Lie symmetries of the equation are characterized.

Local conservation laws up to second order are established.

Conditions for $L^1$ norm invariance and positive solutions are provided.

Abstract

Lie symmetries of a Novikov geometrically integrable equation are found and group-invariant solutions are obtained. Local conservation laws up to second order are established as well as their corresponding conserved quantities. Sufficient conditions for the $L^1$ norm of the solutions to be invariant are presented, as well as conditions for the existence of positive solutions.
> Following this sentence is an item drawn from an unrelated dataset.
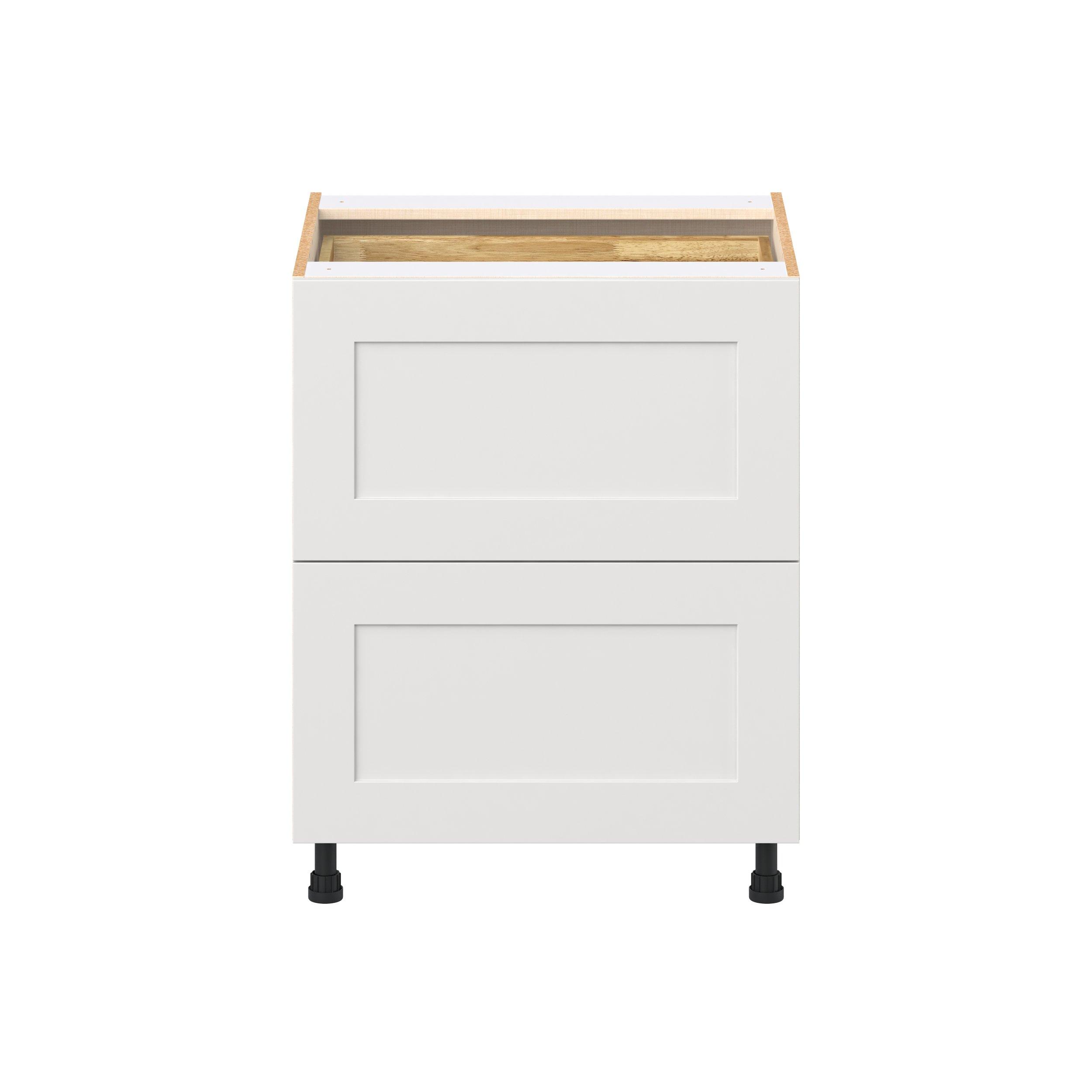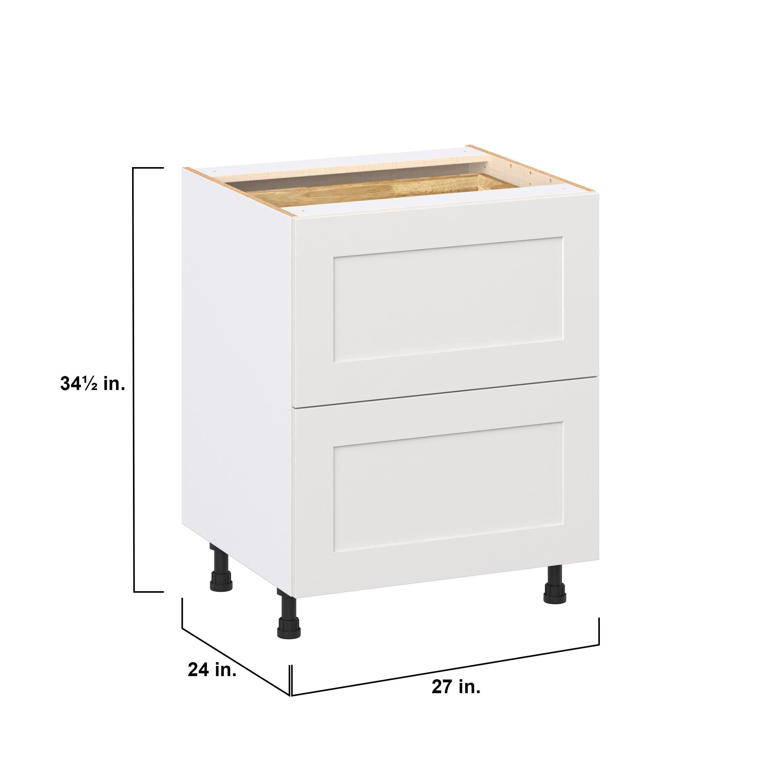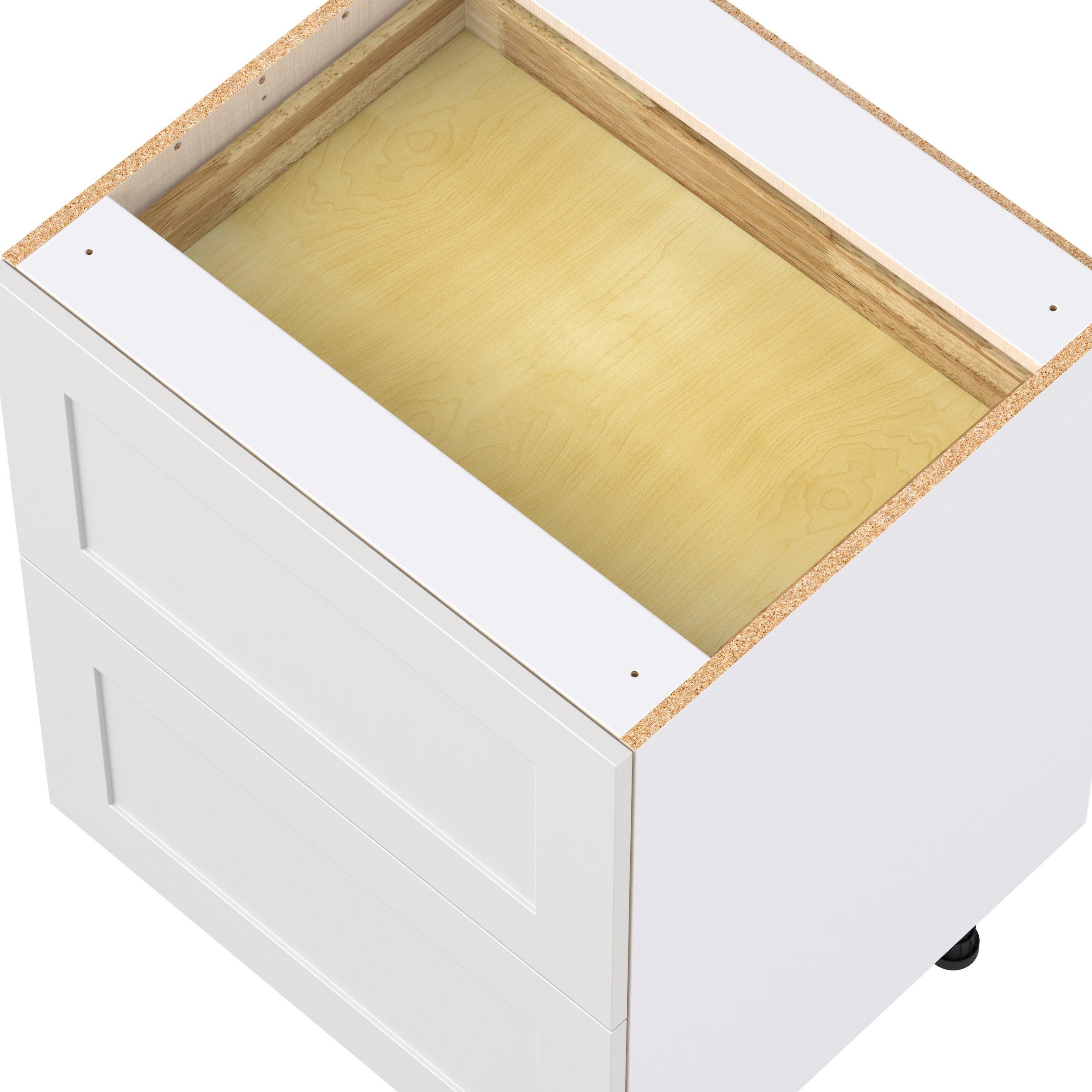 Transform your space with the elegance of Candler wide-rail shaker styles. Both the warm white and slate gray options create a rich transitional backdrop to complement any decor. Crafted from one-piece MDF Studio Design Collection Candler 27 in. Painted Warm White Base Cabinet with Inner Pull-Out Drawer is designed to resist hairline cracks while the easy-to-clean finish stands up to stains and moisture. Featuring 5-piece doors and dovetail drawer joints, these cabinets offer durability and elegance. This collection combines style with everyday storage solutions.

Two demonstrations for unique continuation of solutions are given: one of them is just based on the invariance of the $L^1$ norm of the solutions, whereas the other is based on well-posedness of Cauchy problems. Finally, pseudo-spherical surfaces determined by the solutions of the equation are studied: all invariant solutions that do not lead to pseudo-spherical surfaces are classified and the existence of an analytic metric for a pseudo-spherical surface is proved using conservation of solutions and well-posedness results.